Votre commission a adopté l'article 4 bis ainsi modifié.


* 44 Action commune 97/154/JAI du Conseil du 24 février 1997 relative à la lutte contre la traite des êtres humains et l'exploitation sexuelle des enfants.

* 45 Décision 2000/375/JAI du Conseil du 29 mai 2000 relative à la lutte contre la pédopornographie sur Internet.

* 46 Décision-cadre 2004/68/JAI du Conseil du 22 décembre 2003 relative à la lutte contre l'exploitation sexuelle des enfants et la pédopornographie.

* 47 Le traité de Lisbonne a en effet prévu que, désormais, les textes communautaires portant sur les questions de sécurité et de justice donneraient lieu à des directives adoptées selon la procédure législative ordinaire - en codécision avec le Parlement européen - et soumises au contrôle de la Cour de justice de l'Union européenne.

* 48 En France, la « majorité sexuelle » est fixée à 15 ans (voir infra).

* 49 Cass. Crim., 28 novembre 2006.

* 50 Voir par exemple Cass.

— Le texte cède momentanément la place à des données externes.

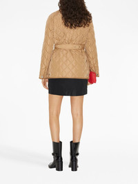 diamond-quilted belted jacket Burberry is renowned for its traditional looks and this black jacket is a fine example. Characterised by its classic diamond quilted finish, it is made unique with a corduroy collar that nods to the brand's British sense of style. Highlights - Archive beige - Diamond quilting - Corduroy collar - Front press-stud and zip fastening - Long sleeves - Press-stud fastening cuffs - Belted waist - Two side patch pockets - Straight hem - English rear vents - Vintage check-pattern lining Imported Composition Outer: Polyamide 100% Lining: Polyester 100% Filling: Polyester 100% SIZE & FIT Measurement SLEEVE LENGTH 29.13 in(74 cm) LENGTH 28.74 in(73 cm) Washing instructions Dry Clean Only
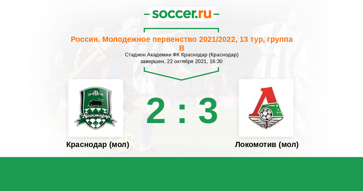 Россия. Премьер-Лига U21 23.07.2021 Локомотив (мол) Логотип футбольный клуб Локомотив (мол) (Москва) 3:0 Логотип футбольный клуб Краснодар (мол) Краснодар (мол)
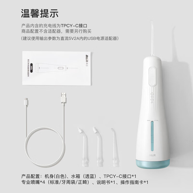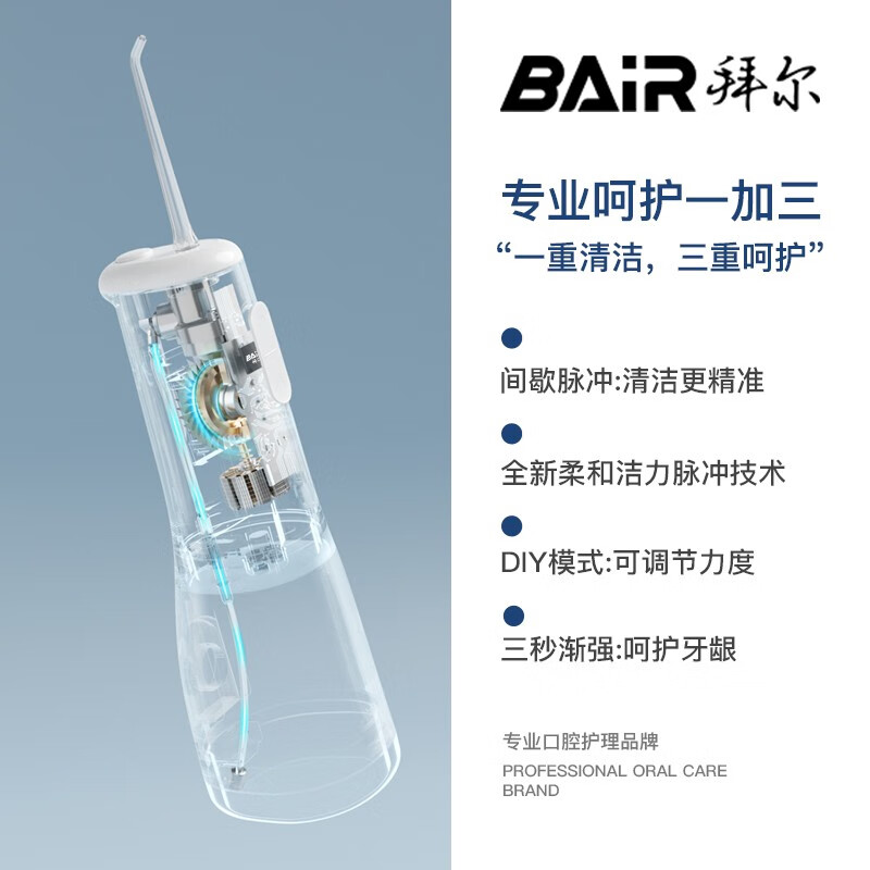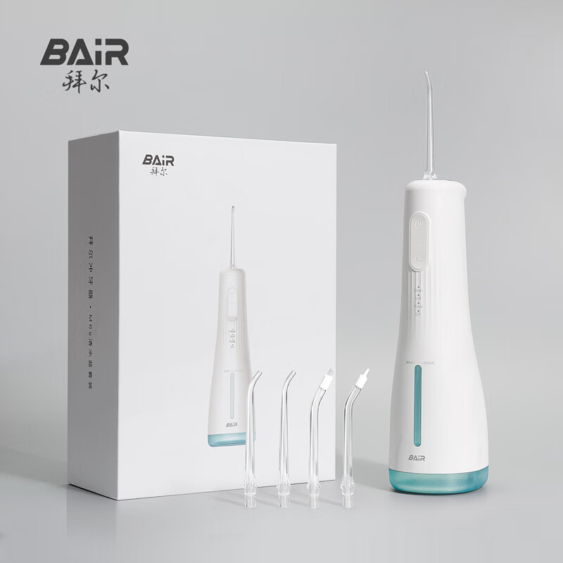 拜尔(BAIR)M6s电动冲牙器家用式便携 清洁口腔洗牙器水牙线冲洗器洁牙器牙套清洗充压 男送女朋友礼物实用 清水蓝丨力度自由调节 4支喷头价格:266.00元!

Crim., 8 janvier 2003, qui a considéré que, dès lors que l'existence d'un fait principal punissable (exportation illicite de stupéfiants) a été souverainement constatée par la cour d'appel, la relaxe en faveur du prévenu principal pour défaut d'intention coupable n'exclut pas la culpabilité du complice.

* 51 Étude d'impact annexée au projet de loi, page 24.

* 52 En vertu du principe posé à l'article 121-3 du code pénal, selon lequel « il n'y a point de crime ou de délit sans intention de le commettre ».

* 53 Rapport n°840, fait au nom de la commission des lois de l'Assemblée nationale par Mme Marietta Karamanli, avril 2013, page 55.

* 54 Cette infraction a remplacé l'ancienne qualification d'excitation de mineurs à la débauche.

* 55 En raison, notamment, des délais de prescription très longs prévus pour ces infractions.